Description of the task – Begin at the line that holds "Boîte à Thé" and copy each line exactly until the data below ends, including that last line but no pictures.

[Data excerpt Boundary: Start]

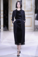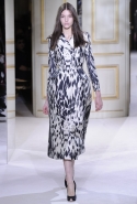 Обращение к своим корням — итальянской, а если быть совсем точными, римской моде — помогло Валли создать одну из самых органичных коллекций последнего времени, не обманув при этом ожиданий своей аудитории, по преимуществу молодой. Каким образом старая добрая черно-белая элегантность — анималистичный принт, черное strapless-платье из черной тафты, платье-футляр, запечатленные в образах итальянской киноклассики, — получили шанс зазвучать свежо и даже неожиданно? Как часто бывает в коллекциях Валли, выбор материалов и форма решают все. Платье-пальто с диким кошачьим принтом — первый выход показа — выполнено не из джерси или шелка, а из более плотного материала, благодаря чему оно лишено подчеркнутой чувственности. Монохромные плотные ткани заменены сочетанием прозрачной и "фоновой" ткани, которые как бы упакованы одна в другую. Игра текстур — плотных, мягких, прозрачных и матовых — придает классическим и консервативным силуэтам неожиданную геометричность, обтекаемость и трехмерность. А воротничок Peter Pan преображается благодаря неожиданному исполнению — из имитации крокодиловой кожи.
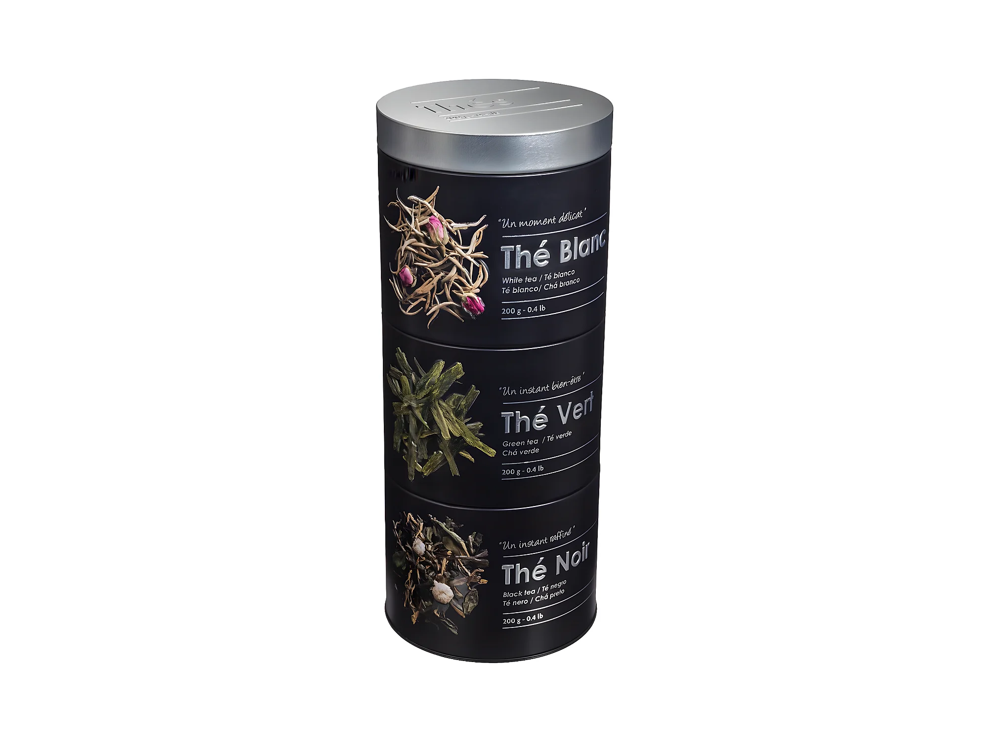 Boîte à Thé 3 Compartiments "Relief II" 26cm Noir
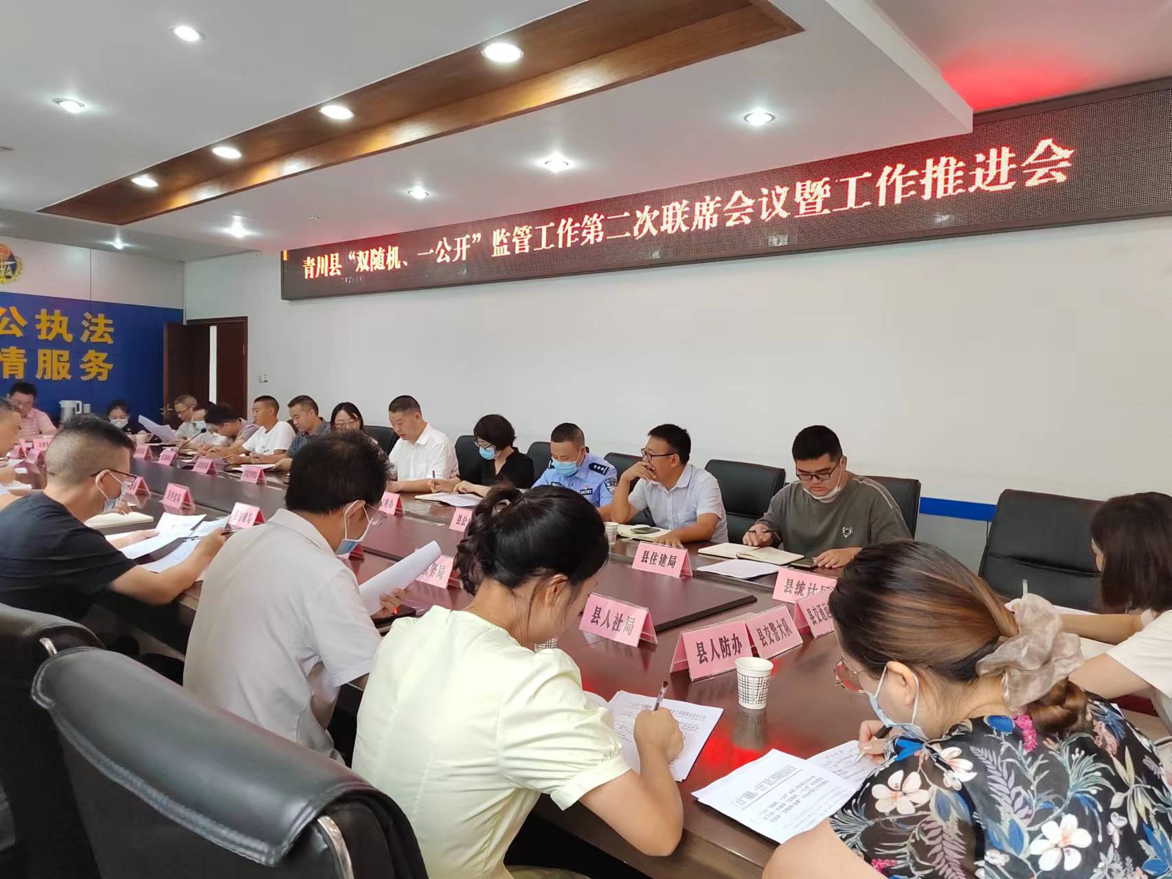 8月24日,青川縣“雙隨機(jī)、一公開”監(jiān)管工作第二次聯(lián)席會議在縣市場監(jiān)督管理局召開,會議由縣市場監(jiān)管局黨組書記、局長何先海主持,30個聯(lián)席會議成員單位分管領(lǐng)導(dǎo)參加會議。
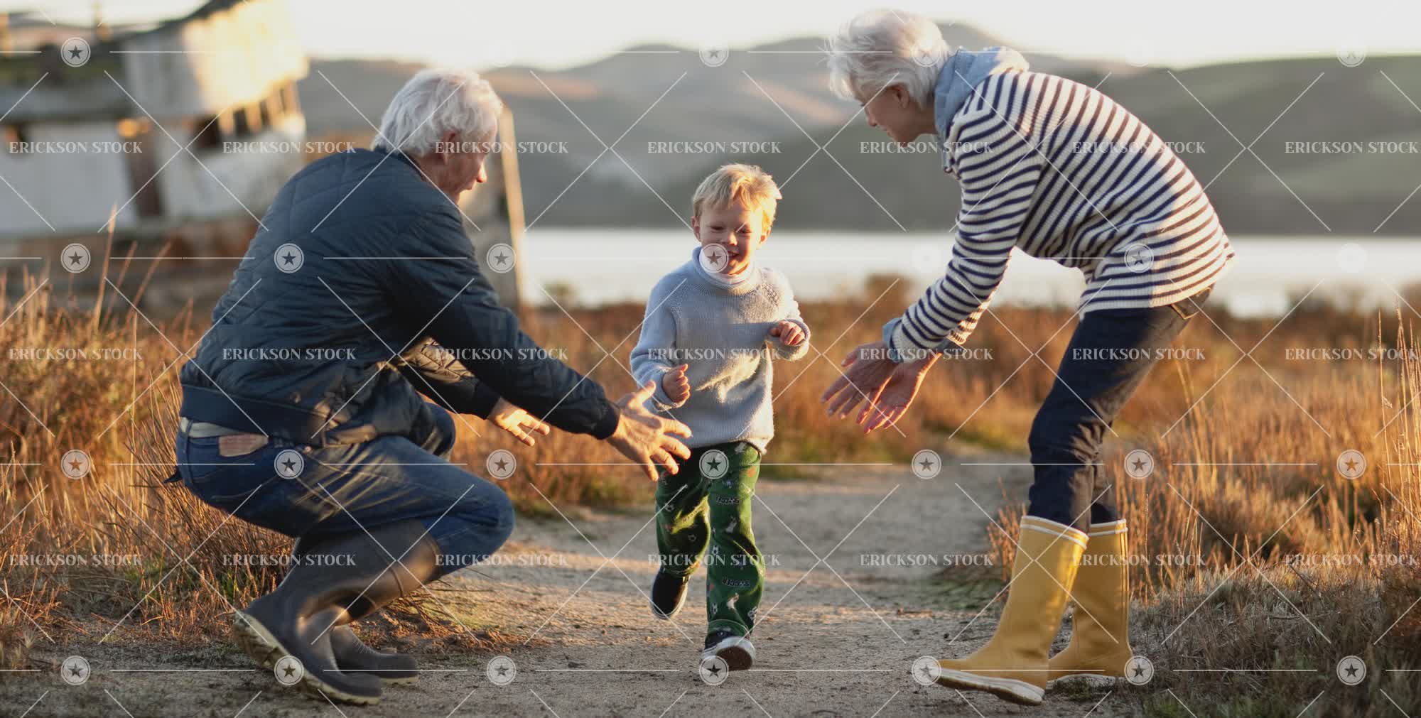 Grandparents anticipating grandson as he runs towards them.

[Data excerpt Boundary: End]

Task solution –
 Boîte à Thé 3 Compartiments "Relief II" 26cm Noir
 8月24日,青川縣“雙隨機(jī)、一公開”監(jiān)管工作第二次聯(lián)席會議在縣市場監(jiān)督管理局召開,會議由縣市場監(jiān)管局黨組書記、局長何先海主持,30個聯(lián)席會議成員單位分管領(lǐng)導(dǎo)參加會議。
 Grandparents anticipating grandson as he runs towards them.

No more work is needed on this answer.